At Southern Construction Framework (SCF), we have helped to deliver in the region of £500m public sector building projects every year since 2006. On average, our projects are delivered within 1% of contract sum.
Here are some of the fundamentals that make this happen:
Early contractor involvement
I can’t say this often enough. Engage your contractors at the earliest possible stage. They have considerable experience and technical expertise. Early engagement will ensure they are fully invested in the project, that they play an active role from the start and that they also carry a level of risk.
Gateways and milestones
Any good framework provider will set a series of milestones (or ‘gateways’) at key points in the project to measure progress against. Key performance indicators are set at each stage helping to keep everyone on track and set expectations for the future.
Let the outcomes be your goal
At the outset of a project, consider what you want your outcome to be rather than your specification. Think about this in the context of a new school, providing education space to accommodate primary age children in a growing market town over the next 25 years. This frames things rather differently than in terms of a concrete framed building with six classrooms, a hall and outside space. This is a vast oversimplification, but it shows two very distinct ways of thinking. The first approach offers far more flexibility and lateral thinking. Whereas the second limits thinking to the construction process itself.
Once you know your desired outcome, let your framework, your consultant or your contractors advise on how you can best meet that need. Build your specification together before you put a spade in the ground.
Apply market intelligence
When it comes to materials selection, labour availability and the local market seek out market intelligence from reliable sources. This could be a report from your framework partner, advice from a consultant or a conversation with your contractor.
Your contractor can not only recommend what materials to use but likely has links with suppliers to help you exploit economies of scale. They understand demand and supply, fluctuating costs and lead times.
Be guided by market intelligence so you can make informed purchasing decisions.
Consider two stage open book
At SCF, we are real advocates of two stage open book procurement. In fact, we operate purely on this basis. It is a USP for us.
Single stage procurement works in principle. With this process, the client will outline their requirements and contractors will then compete for the project based on price. In practice, it means a separation of the design/specification and construction process.
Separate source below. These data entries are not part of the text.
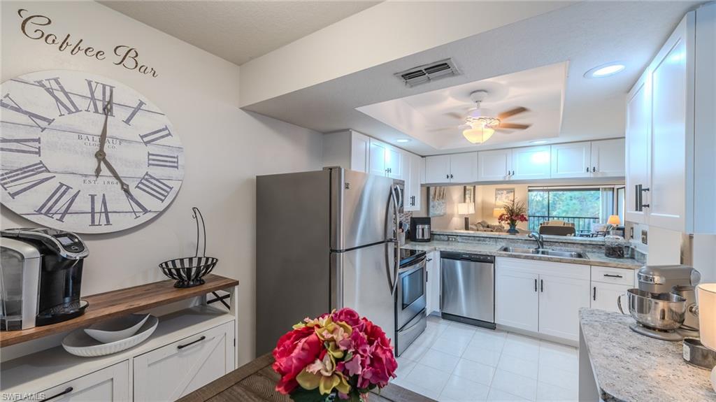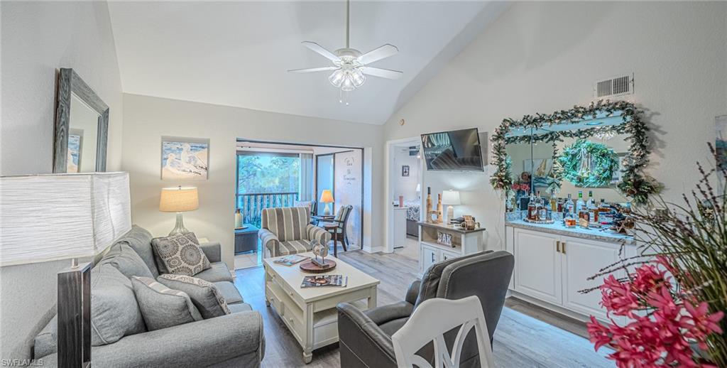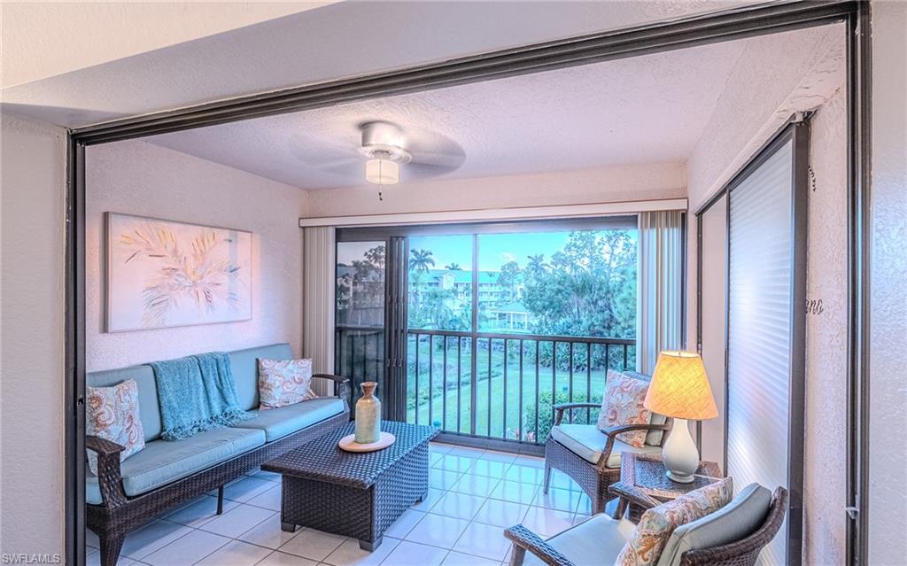 Discover Breckenridge, a highly sought-after bundled golf & tennis community with NO GREEN FEES in the heart of Estero, where resort-style living meets an active Southwest Florida lifestyle. Nestled among lush tropical landscaping, scenic lakes, and beautifully maintained fairways. Nicely updated top-floor 2BR/2BA Bayview model offered turnkey with beautiful golf course and lake views overlooking the 12th tee. The enclosed, air-conditioned lanai with plexiglass sliders adds valuable extra living space. Recent updates include new kitchen shaker cabinet fronts and hardware, luxury vinyl flooring, updated bathroom vanity, mirror and lighting, new stackable washer/dryer, and a new A/C compressor in 2025. Building roof replaced in 2023. Ideally located near one of five community pools and close to the clubhouse and amenities. Breckenridge is a bundled golf community , featuring an 18-hole golf course, very active tennis club with 8 Har-Tru courts, 3 pickleball courts, bocce, 5 swimming pools, and a vibrant clubhouse with daily activities. Prime Estero location between Naples and Fort Myers. Minutes to beaches, airport, shopping malls, dining, library, and state park. Water, cable, and WiFi included.
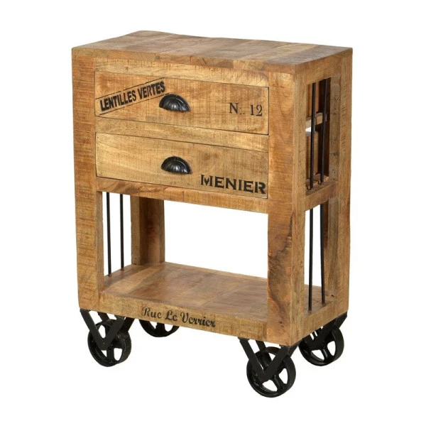 Dit gezellige ladenkastje staat te popelen om op zijn metalen wielen naar een mooie plek in de woonkamer te rijden. Het ruwe mangohout vormt een mooi contrast met de zwarte accenten, waardoor het kastje zowel in een landelijk als industrieel interieur past.
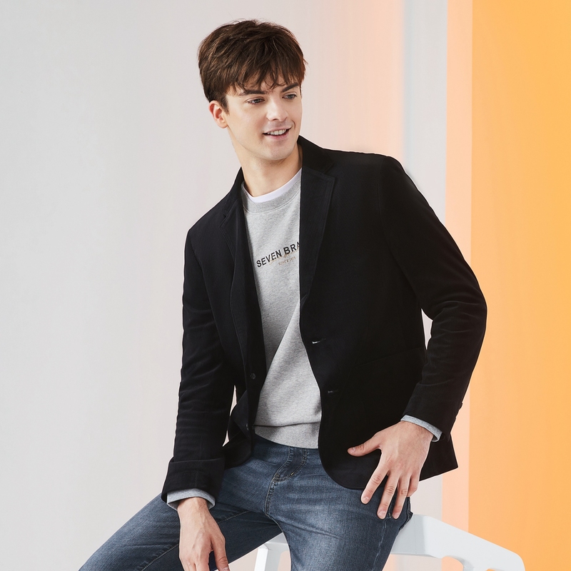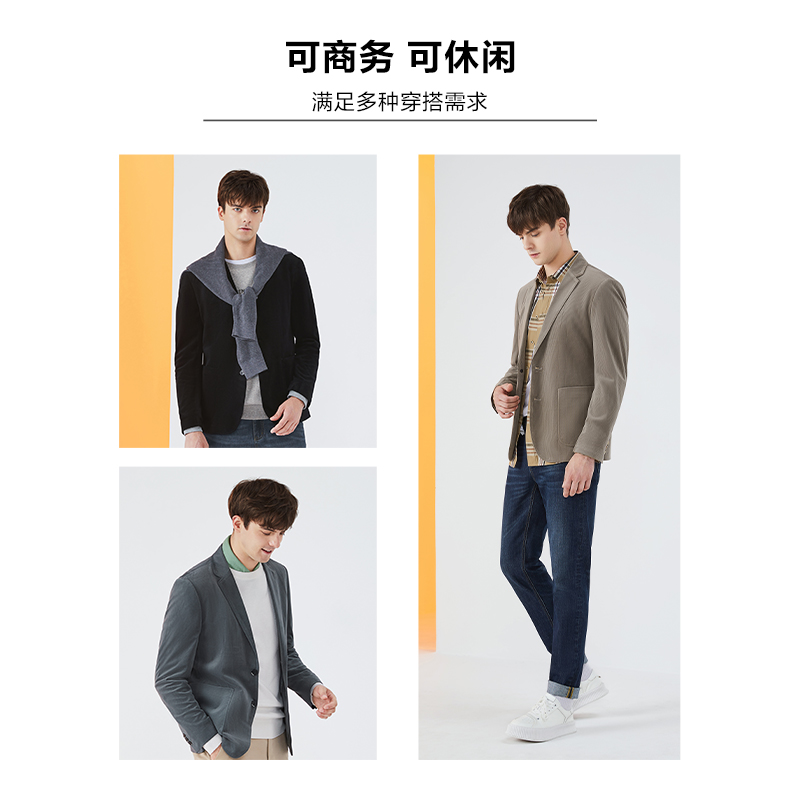 【灯芯绒】柒牌男士休闲西服秋冬季新款修身单西商务西装外套
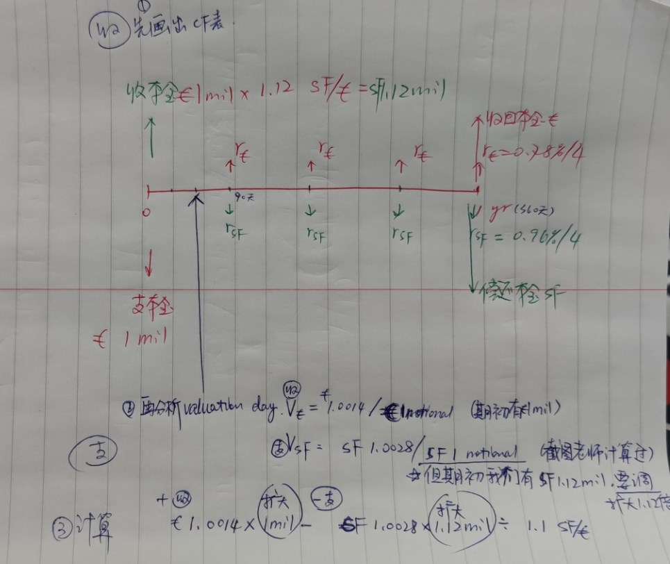 ☆关键在于老师和我们求出来的这个“1.0028”的前提条件是:SF的本金是单位1,如果用题目的套路表述,则是:"SF1.0028 per SF1 Notional",基于这点我们期初本金是1.12mil的SF,于是要扩大1.12mil倍数。另外的€本金需要将1.0014扩大1mil倍
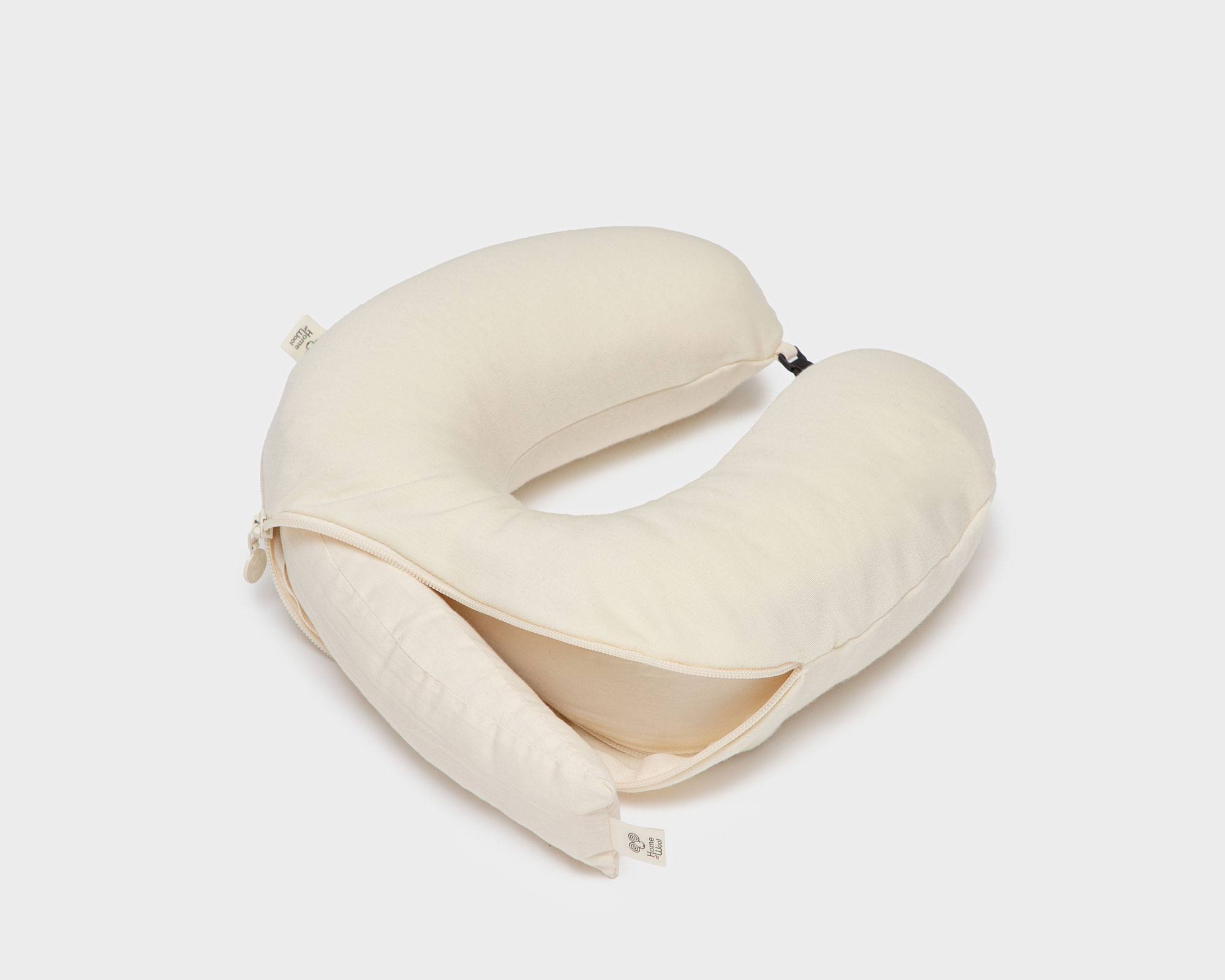 Vous en avez assez des oreillers synthétiques rigides lorsque vous voyagez ? Cet oreiller de voyage personnalisable vous offre une douceur que vous pouvez réellement ressentir. Rempli de laine respirante et recouvert d'un tissu entièrement naturel, c'est un produit rare. Un confort qui vous accompagne partout. Un oreiller de voyage léger, conçu pour les moments de détente entre deux destinations.

And this means risk exposure for all parties.
With two stage open book procurement, contractors compete for a preferred contractor status in response to the client’s initial brief. The second stage involves a far more collaborative and integrated approach to pricing and specifying a project – from design and development through to gathering critical information from the supply chain.
The second stage in particular gives both parties the chance to raise and resolve any issues. Get a better understanding of materials prices and supply, and the client gains the technical expertise of the contractor before the construction phase begins.
Ultimately, the result is a clearer picture of delivery costs and more realistic timescales.